The IT person sets up a policy that runs in the background. When the various filters catch a document that fits the criteria, an alert is sent. Poggione expects to set up an automated email that will go out to users to explain that they've created a document caught in the filter; the same message will go to Poggione or another administrator as well.
The program doesn't provide access to the document, Poggione says, unless he takes ownership of it, in which case, the program logs that activity, which can't be changed. That log can be used as evidence of compliance to regulations and internal policies. "It does a great job of auditing the auditors," he notes.
The scanning can be done for any kind of document or for any of the user groups set up within Google Docs, such as students. The program also allows IT people to write their own expressions and matching criteria for custom filters.

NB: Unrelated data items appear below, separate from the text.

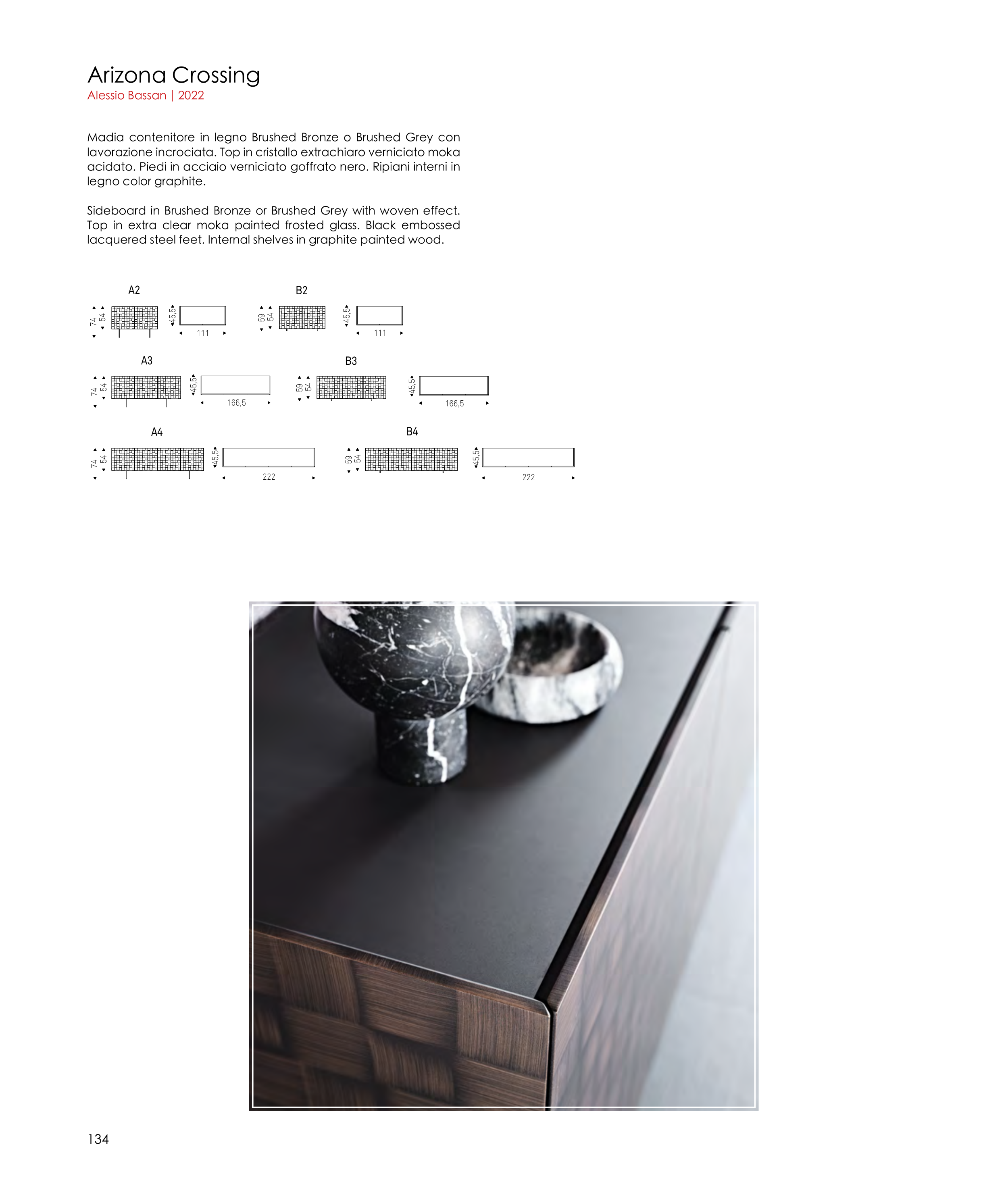 lavorazione incrociata. Top in cristallo extrachiaro verniciato moka
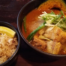 とにかく美味しい!エビのだしが濃厚で、野菜がゴロゴロ、角煮もとても柔らかい。玄米ご飯にレモンがついており、これをしぼるとますます食べやすい。
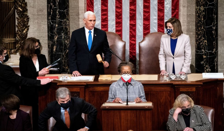 美国国会被暴力闯入后当日恢复秩序,副总统彭斯与议长佩洛西主持参众两院联会(路透社 1月6日)
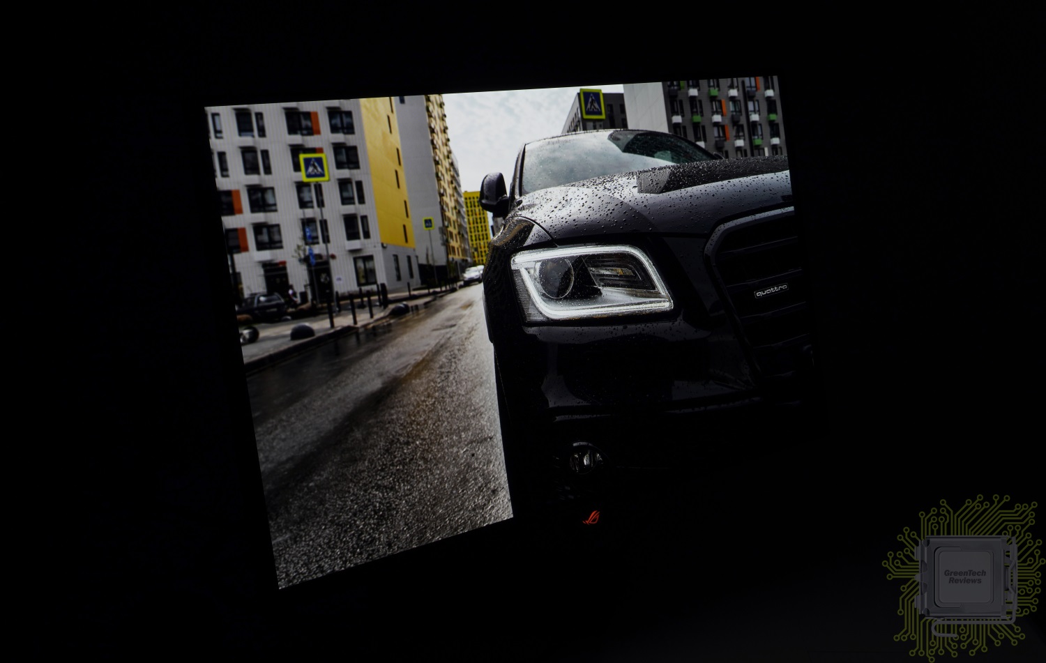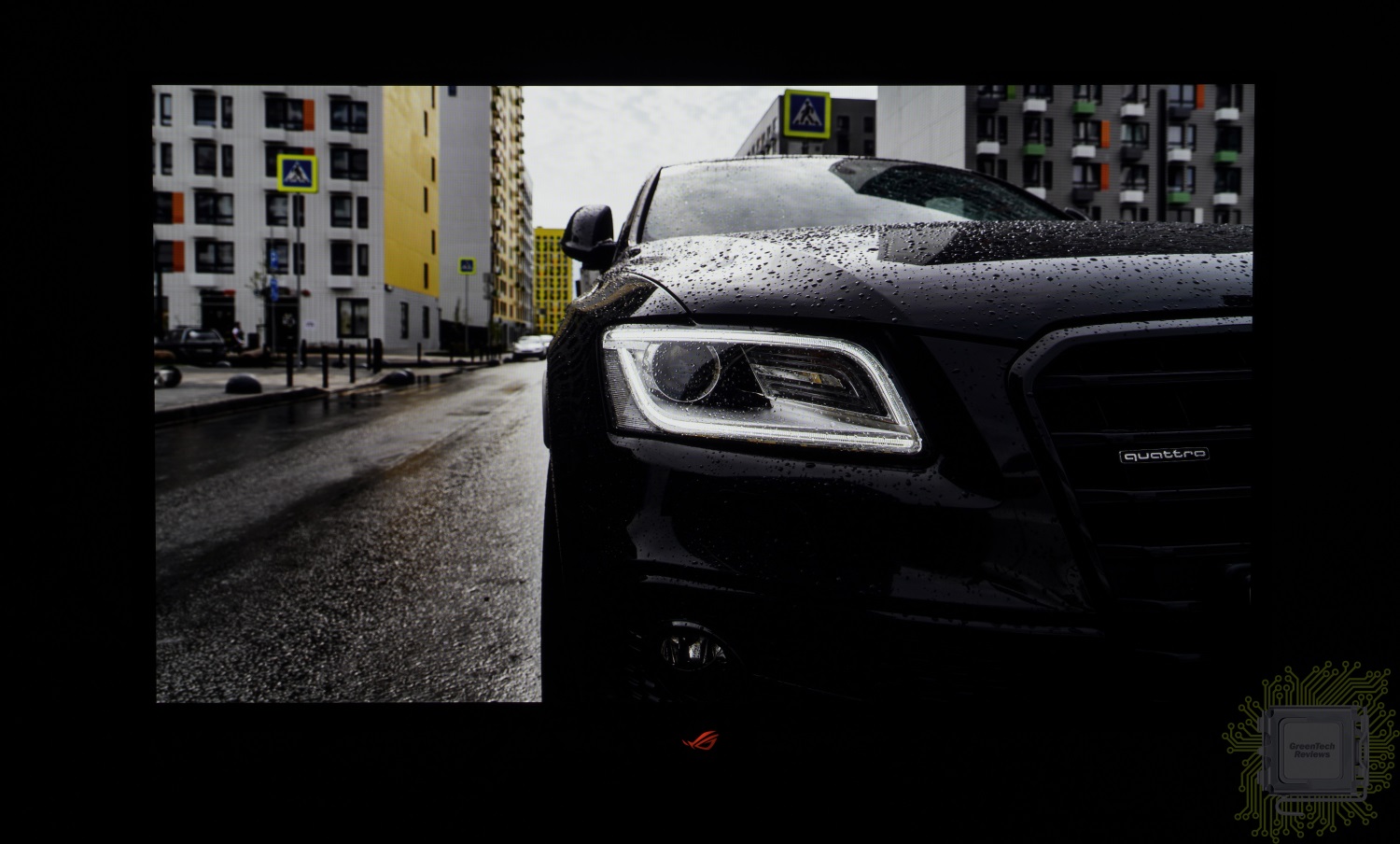 Взгляд сбоку был ограничен углом поворота панели (напомним — 45°). Монитор отлично отрабатывает как сочные в плане цвета сцены, так и тёмные. Некоторая разница в цвете видна по той причине, что сделать фото выше на OLED панели сложно — появляются некоторые искажения цвета.

Poggione said he expects to use a similar feature in the product to perform filtering of student-generated content to run them through a checklist of "bad words." In particular, he wants to be able to check for inappropriate content without assuming ownership of the documents in order, for example, to ensure that students aren't doing cyber-bullying.
Using the Right Tools
"When I sold Google Apps and email to our school board, I flat out told them, 'Who do you think is going to recover from a huge disaster faster from any type of problems--me or Google? Who do you think is going to have the resources to get back up and running?' Do I trust the cloud? No more than I trust anybody else. But that means I have to do my work to ensure that I have the tools that I need to do the things that I need to do." CloudLock," he concludes, "is a big time saver for us."